Pheromone Communication in Animals

Pheromones play an influential role in in bees. Workers that have been in a queen’s court and palpated her with their antennae have an increased tendency to make reciprocated antennal contact with other workers but it is these other workers that seem mostly to initiate the contact, suggesting that they can detect the presence of an attractant (presumably the queen pheromone) on the antennae of workers from the court and also perhaps on other parts of their bodies to which it has been transferred by personal grooming.

Indeed, experiments showed that workers were stimulated to make antennal contact with the excised heads alone of bees from a queen’s court, indicating that the presence of queen’s pheromone on the antennae, irrespective of the bee’s behaviour, is of prime importance. The longer a bee has been in the court, the greater the frequency with which it attracts and is inspected by other workers. The first workers contacted by those leaving the court also have an increased tendency to make reciprocated antennal contacts. Learn more about pheromones at

On leaving a court bees range widely throughout the brood area of a colony, frequently contacting other workers. Probably direct contact with the queen stimulates them to greater activity (page 61). However, it is possible that the more active workers are likely to respond to the presence of a nearby queen and enter her court, so that the presence of workers in the court is a consequence of their greater activity and not its cause; information is needed on the activity of bees prior to entering a court. Within about ten minutes of leaving the queen’s court the workers’ behaviour and attractiveness returns to that of workers outside the queen’s pheromones according to

How Pheromones Affect Animals

Pheromones play an important role in animal communication. Only about one bee in the court is licking the queen to every twelve examining her with their antennae. Relatively fewer workers lick their queen when she is laying eggs and none when she is moving over the comb (Free et al., 19873). For example:

Behaviour of queen Number of workers Number of workers licking queen palpating queen Stationary 0.9 9.8 Laying 0.5 7.3 Moving 0 5.2 mm.

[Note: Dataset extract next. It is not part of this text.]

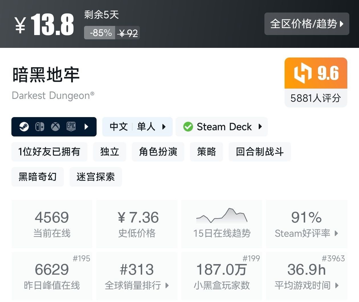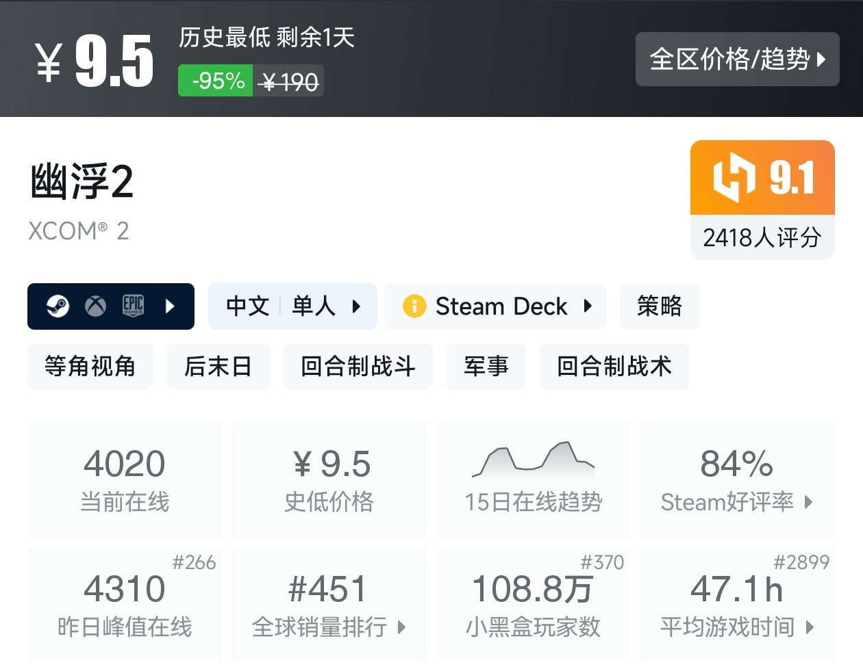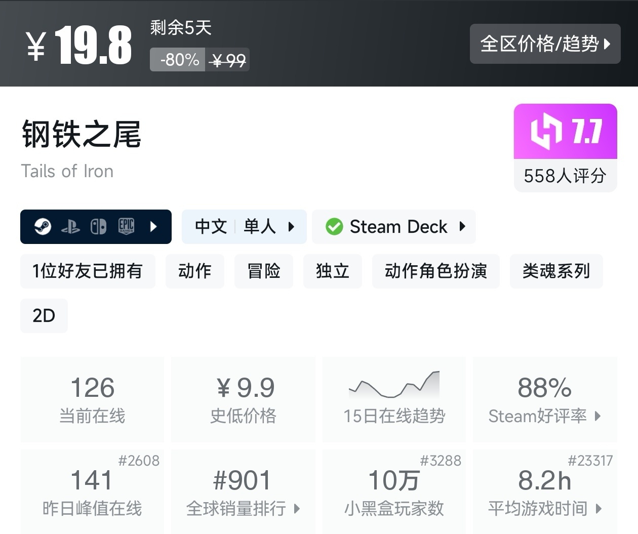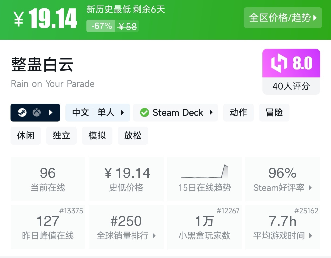 大家好,沒錯,又是我,你們的老朋友亦然,最近有很多遊戲都迎來了折扣,當然,包括很多史低遊戲,在我統計的時候就發現有很多20元以下的遊戲,不僅擁有很高的評價,而且還是史低,接下來我將爲各位進行一個彙總,希望我的彙總,能夠幫助各位盒友挑選心儀的遊戲。
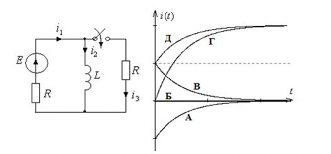 Указать кривую переходного тока i3(t) после коммутации. ![]()

Instead it seems that queen pheromones are transferred from the queen to workers in her court, and presumably from them to other bees, by physical contact and recognized by chemoperception. Velthuis (1972) showed that a worker that had been confined with a queen was attractive to a small queenless group of workers which treated her as a ‘substitute queen’, probably because of the queen pheromone adhering to her body.

During transfer of food, the antennae of donor and recipient are continually in motion and often touch each other. Whereas this Contact is essential for food transfer to occur (Free, 1956) workers also frequently make antennal contact without accompanying food transfer, and strong circumstantial evidence has accumulated (Free, 1978; Seeley, 1979; Ferguson and Free, 1980; Juska et al., 1981) which indicates that workers in a queen’s court obtain queen pheromone on their antennae, and that queen pheromone is distributed through the colony during antennal contact between workers.

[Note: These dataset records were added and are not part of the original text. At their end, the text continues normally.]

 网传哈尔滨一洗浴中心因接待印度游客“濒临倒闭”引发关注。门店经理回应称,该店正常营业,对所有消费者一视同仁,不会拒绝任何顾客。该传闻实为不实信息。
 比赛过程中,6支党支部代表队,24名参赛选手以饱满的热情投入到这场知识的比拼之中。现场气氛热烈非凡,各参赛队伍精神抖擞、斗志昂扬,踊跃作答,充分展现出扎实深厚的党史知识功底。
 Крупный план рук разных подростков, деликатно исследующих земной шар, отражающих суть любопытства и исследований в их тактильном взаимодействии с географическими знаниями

Pheromones have an immediate influence (Fig. 2.1); this is probably because the effects of the stimulation they had received from the queen and the amount of queen pheromone on their antennae has diminished. Check out pheromones at 
Presumably most loss of queen pheromone from the worker’s antennae is by volatilization, but we cannot be sure until we have identified the components involved. Continuous air turmoil caused by the movement of thousands of bees in the brood area of a honeybee colony must aid volatilization and dispersal of a pheromone and lead to the need for its pheromone spray.

Figure 2.1 Number of reciprocated antennal contacts made with other workers during a ten-minute period by workers immediately after leaving the queen’s court and by control workers not near the queen (after Ferguson and Free, 1980).

The most important tip for that last 10% of mastering pheromones is that there are no rules. The more you break the rules that are not there the better it’s going to be. Be as surprising and creative as you can be. Be like you are 5 years old. 5 year olds are full of energy, all over the place, you don’t know what to expect from them, where they’re going to be 5 minutes from now. They’re absolutely fascinated with whatever they’re doing.